Following his introduction where he lays out this basic premise, he discusses five aspects of life for which this is so:

  1. Ideas and our Idea Making Capacity. Our idea of a cosmos ordered by God is far more than evolutionary survival alone warrants. He observes the interesting phenomenon of the unreasonable usefulness of mathematics, where equations end up mapping the physical world. There is also in this the challenging question for a true religion of articulating ideals of universal applicability and transformative power that transcends the world of particulars and difference. Skeel argues that the testimony of Christians from every culture is powerful argument for its capacity to handle this kind of complexity.
  2. Beauty and the Arts. Skeel contends that the appreciation of beauty and art as an accidental consequence of evolution is profoundly dissatisfying. Beauty points beyond the world, which often also has a certain ugliness, a sense of the world not being as it should. Christianity deals with the complexity of world not as its supposed to be and our longing for and sense of beauty.
  3. Suffering and Sensation. No where do we have a greater sense of a world not as it ought to be than in our experience of pain and suffering. Yet materialist explanations simply say that suffering is. Here, Skeel writes touchingly of his friend Bill Stuntz, with whom he planned to write this book, and Bill’s struggle with terminal colon cancer. He concludes the chapter with Stuntz’s words of God’s longing for the sufferer: “God is the Lover who will not rest until his arms enfold the beloved. . . .So I have found in the midst of pain and heartache and cancer” (p. 107).
  4. The Justice Paradox. David Skeel is a lawyer and here he observes that every society creates a justice system to bring about a more just social order–and all fail in varying degrees. Marxists thought they would eliminate greed when the working class gained control. After Civil Wars, Constitutional Amendments and Civil Rights legislation, racism remains a reality in America. Christian faith understands the limits of law to deal with human imperfection, that law serves best with a “light touch” and that reconciliation in Christ may accomplish what law cannot in the fabric of human relationships.
  5. Life and Afterlife. Here Skeel explores both our longing and disdain for heaven. True Christian hope brings earth and heaven together in a renewed creation where the beauties we have created and the justice we have pursued carry over with us and are perfected with us in this new creation.

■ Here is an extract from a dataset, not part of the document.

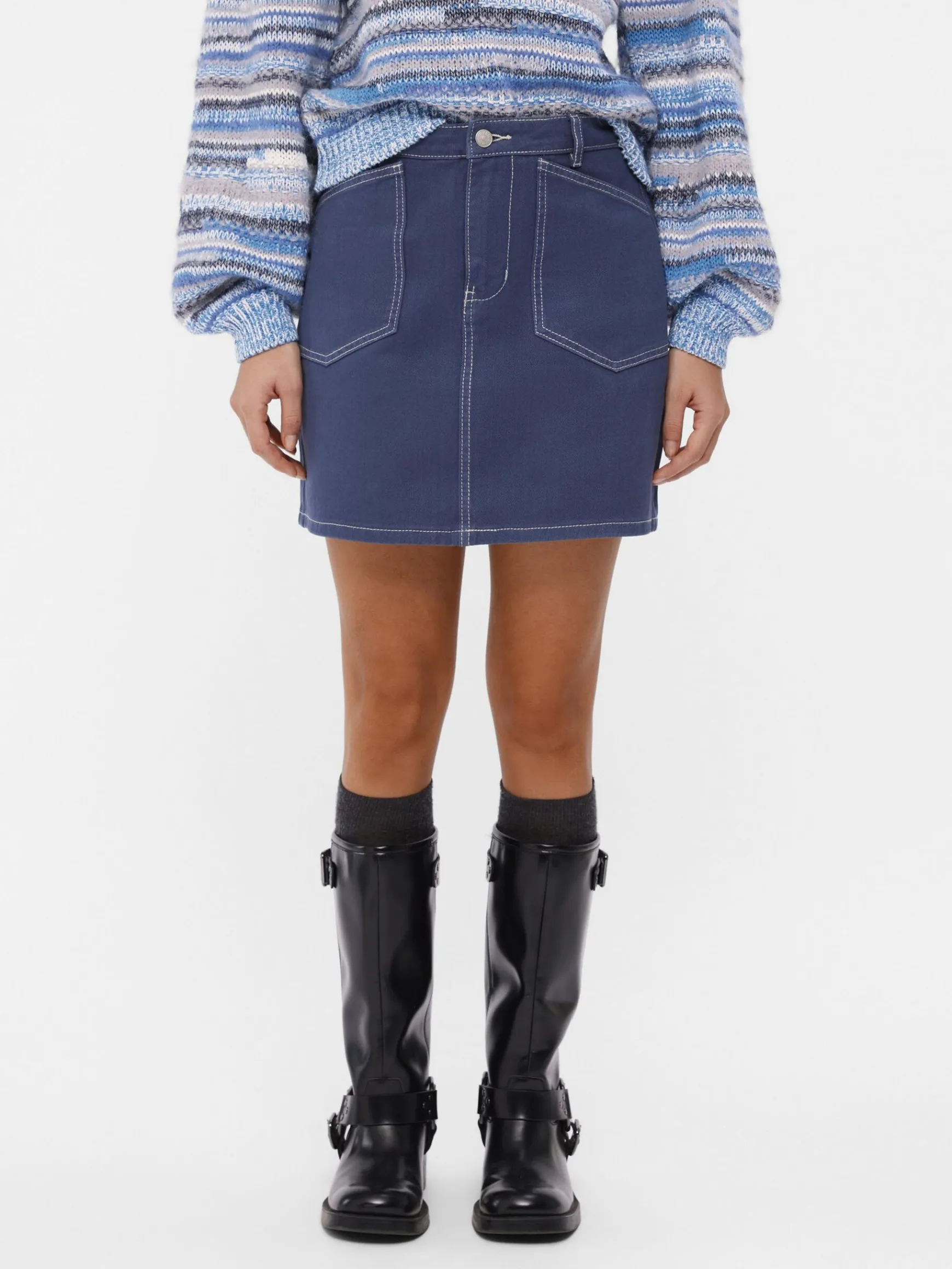 – Mininederdel med mellemhøj talje- Bæltestropper- Design med 5 lommer- Lynlåsgylp med nitteknaplukning- Almindelig pasform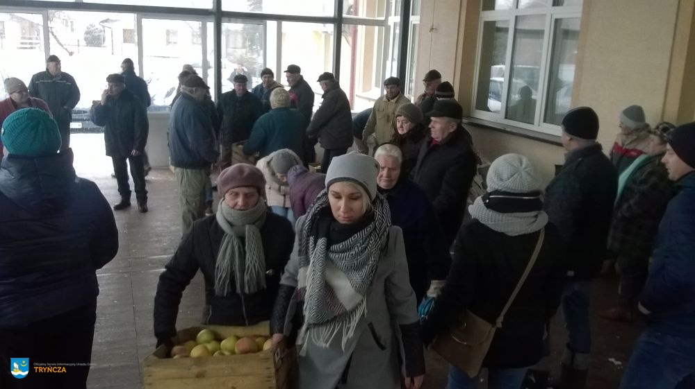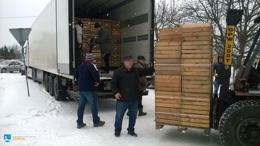 Stowarzyszenie Przyjaciół Korchowa „JEDNOŚĆ WSI” w porozumieniu z Gminnym Ośrodkiem Pomocy Społecznej w Tryńczy w dniu 5 stycznia br. rozdysponowało wśród mieszkańców Gminy Tryńcza 15 ton jabłek. Owoce wydawane były w Gniewczynie Łańcuckiej i w Jagielle obok Wiejskich Domów Kultury.

He concludes with a word for the person willing to explore Christianity further, commending further reading, participating in Christian community, seeking the counsel of a thoughtful Christian about one’s questions, and finally, reading the Bible itself.

What I most appreciated about this book is Skeel’s approach of lifting the “case for Christianity” out of the realm of philosophical argument and evidence-based discussion. These have their place but what Skeel does is explore the large and complex canvas of life and his contention that Christianity in fact has the greatest capacity to cope with the complexity of that canvas.

An interesting back story to this book is that it was discussed and edited with the help of an atheist post-doctoral student, Patrick Arsenault, who is mentioned in the Acknowledgments. The story of this dialogue was covered in a recent New York Times article. My only critique is the thought that it would have been interesting to see the dialogue between the two more directly reflected in this book, which is only in Skeel’s voice. Otherwise, I found this an account that by turn was thought-provoking, eloquent, and tenderly human in its exploration of life’s big complexities and the life of faith.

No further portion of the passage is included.